I started this blog as a way to share the knowledge I gained working in public policy and advocacy and later in graduate school for public health with medical students. There was and remains a massive disconnect between what medical students understand about the health care landscape and what we need to know to best help our patients. I certainly don’t think every student needs a Master of Public Health to be a competent, caring physician, but as I’ve written before, it would be helpful if they had a basic understanding of health insurance and how public policy influences the practice of medicine and the lives of our patients. Not all medical students and physicians will want to engage in any type of advocacy even with this education – and that is OK – but it would at least ensure more holistic interactions with patients. That is why I started MollyMPHtoMD and continue to be active on Instagram, sharing health policy tidbits throughout the day and how it intersects with medicine. And over the last few years, I’ve posted here about everything from health care sharing ministries and ACA open enrollment to the basics of Medicare and Medicaid. But even though I have a long list of health policy related topics that I still want to write about, I just don’t feel like it.
Being in medical school during the pandemic has been a bit like being on a hamster wheel that I couldn’t get off even as the world was burning around me. There were still tests to study for, clinical and physical exams skills to learn, assignments to complete, and clinic to attend – plus two high stress national board exams to take and residency applications to submit. I climbed all of those hills and the burnout was/is REAL. And now, after all that hurry up (during which I learned an IMMENSE amount), I’m now waiting to hear about invitations to interview for residency. I’ve had some time off and a moment to breathe, to get excited about the fact that I will be a physician in just 7 short months(!), to do some (as safe as possible) travel, and finally feel restored (minus the anxiety of waiting for interviews…). It’s also given me some time to think about the blog and how I want to interact with it – and all of you – moving forward.

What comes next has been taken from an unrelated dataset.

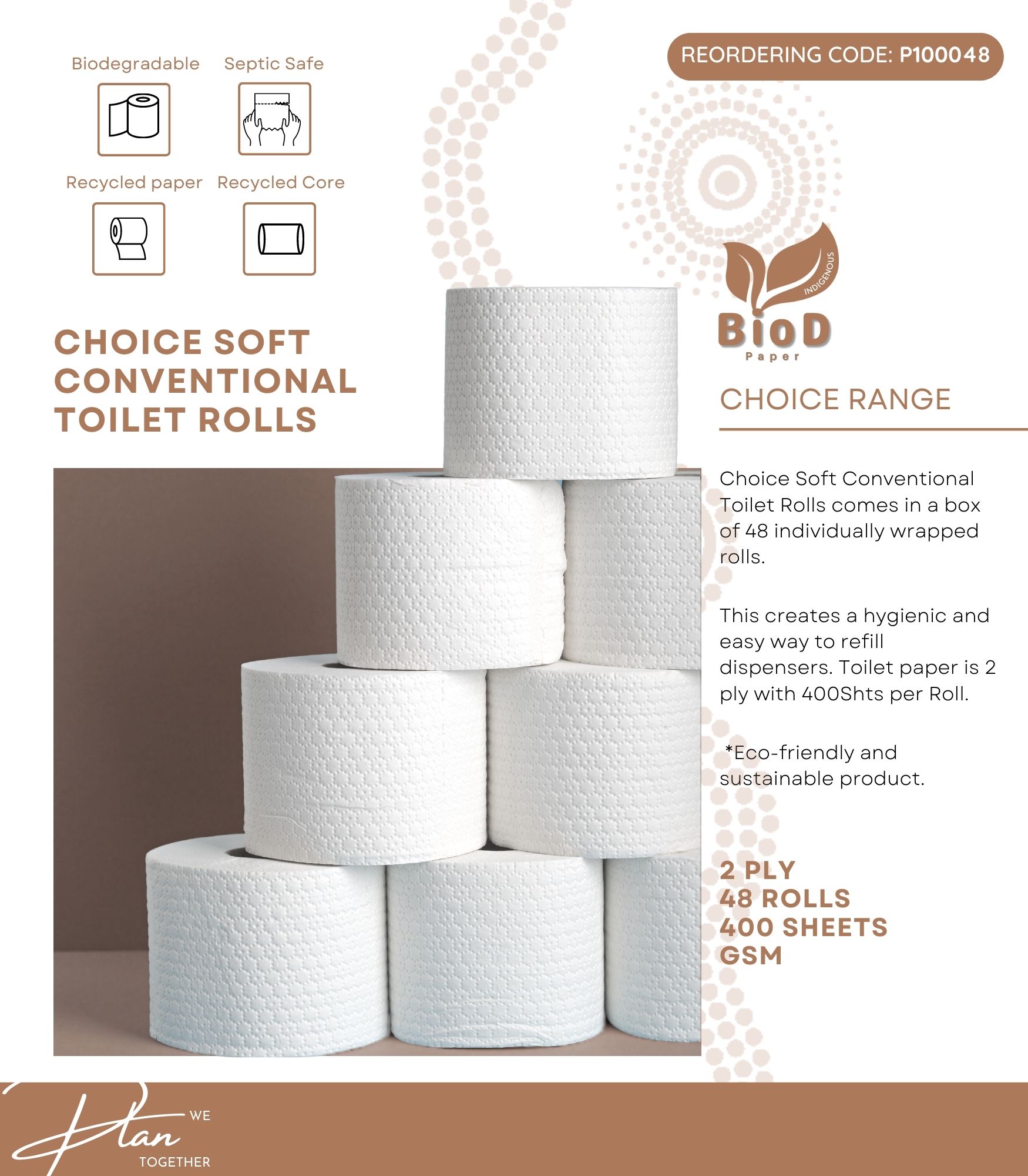 (INDIGENOUS OWNED) BIOD - DELUXE CONVENTIONAL TOILET ROLLS 2PLY 400SHEET X 48 10CMX10CM

Sometimes this blog feels like a version of the journals I tried to keep when I was a kid – it happened in spurts with a lot of self-doubt about what I wrote, if it was boring, if it mattered. And while I was a studious kid, I wasn’t writing about the impacts of public policy in those notebooks. But I’ve always been insanely curious, with an insatiable thirst to learn more, read more, know more. So I guess it makes complete sense that by the time I graduate medical school, I’ll have three degrees (BA, MPH, MD) and a certificate from my post-bacc program. I am constantly sending articles, podcasts, shows, and products I come across to my friends and family, who (so graciously) put up with it. When I read my favorite blogs (like The Stripe, Hello Adams Family, Curiouser & Curiouser, and Wit & Whimsy), I always learn about or discover something new to me, but the best part is reading their personal posts and feeling just a little less alone in this increasingly disconnected and overwhelming world.
With all of that rambling in mind, I’m going to be pivoting what type of content I share here (and I’m really hoping that this will make me want to post more regularly as well). I was never able to create a journaling habit, likely because my life felt pretty mundane and boring and middle school sucked. But at this point in life and the internet, we’re used to reading the thoughts of strangers and feeling a sense of connection. I still plan to share Health Policy Happenings and about post-bacc programs – because I’m still Molly MPH to MD, after all – but my posts will no longer all be deep dives on insurance and health care access or medical school. I thought that carving out this little niche would be fun but it’s gotten draining over time, likely something to do with a pandemic that has forced us to reckon with social and racial injustice, the reality of our crumbling public health infrastructure, rampant misinformation and its disastrous consequences, and the crushing anxiety of it all.
I hope you’ll stick around or if you’re new, welcome! I’m looking forward to seeing what comes of this.